Make the model weights more accessible by using a more generic format (JSON).
Enable implementation of decoding constraints.
Enable post-training adjustment of the weights.

Note

python-crfsuite remains a development dependency as it is still required for training the model.

Weights export#

python-crfsuite uses a binary format for saving model weights. This format can be read by python-crfsuite but is not very convenient if not using python-crfsuite.

Conveniently, the pycrfsuite.Tagger object has an .info() method that returns the model parameters in dicts.

>>> tagger = pycrfsuite.Tagger()
>>> tagger.open("/path/to/model.crfsuite")
>>> parameters = tagger.info()
>>> parameters.attributes  # dict of features and their index
{
    'bias:': '0',
    'sentence_length:12': '1',
    ...
}
>>> parameters.labels  # dict of labels and their index
{
    'QTY': '0',
    'UNIT': '1',
    ...
}
>>> parameters.state_features  # dict of (feature name, label) tuples and their weight
{
    ('bias:', 'QTY'): 0.653217,
    ('bias:', 'UNIT'): -0.690819,
    ('bias:', 'PUNC'): 0.313675,
    ...
}
>>> parameters.transitions # dict of (previous label, current label) tuples and their weight
{
    ('QTY', 'QTY'): 0.71467,
    ('QTY', 'UNIT'): 3.821193,
    ('QTY', 'PUNC'): -0.275862,
    ...
}

The dicts above are trivially written to a JSON file which can be easily read and converted to NumPy arrays for inference.

NumPy implementation#

Data structures#

The model weights are stored as NumPy arrays. Assume that the number of features is n_features and the number of labels is n_labels. It is convenient to store the transition and state weights as separate NumPy arrays.

state_weights = np.zeros((self.n_features, self.n_labels))

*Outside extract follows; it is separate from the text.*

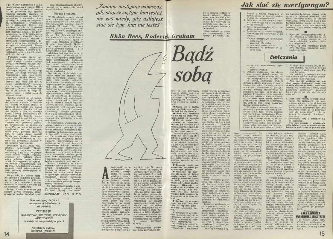 Archiwum / Społeczeństwo nr specjalny 42/1993 12/18 Podziel się Tytuł Bądź sobą Autor Shân Rees, Roderic S. Graham Kategoria Społeczeństwo Artykuł z numeru nr specjalny 42/1993 Data wydania 17 października 1993 Tagi trening asertywności fragment książki

for (feature, label), weight in feature_weights.items():
    feature_idx = features_to_idx[feature]
    label_idx = label_to_idx[label]
    emission_weights[feature_idx, label_idx] = weight


transition_weights = np.zeros((self.n_labels, self.n_labels))

for (prev_label, current_label), weight in transition_weights.items():
    prev_label_idx = label_to_idx[prev_label]
    current_label_idx = label_to_idx[current_label]
    transition_weights[prev_label_idx, current_label_idx] = weight

feature_to_idx and labels_to_idx are the attributes and labels dicts exported from the pycrfsuite.Tagger() object. These map the feature name and label name to the relevant column and row indices in the NumPy arrays.

Viterbi#

The Viterbi algorithm is used to determine the optimal sequence of labels for the sequence of tokens described by their features. The algorithm works by calculating the maximum scores for each possible label for each token considering all the transitions from the possible labels for the previous token. Once all the scores for each possible label for each token are calculated, the algorithm works backwards through the sequence to select the label that maximised the global score for the whole sequence.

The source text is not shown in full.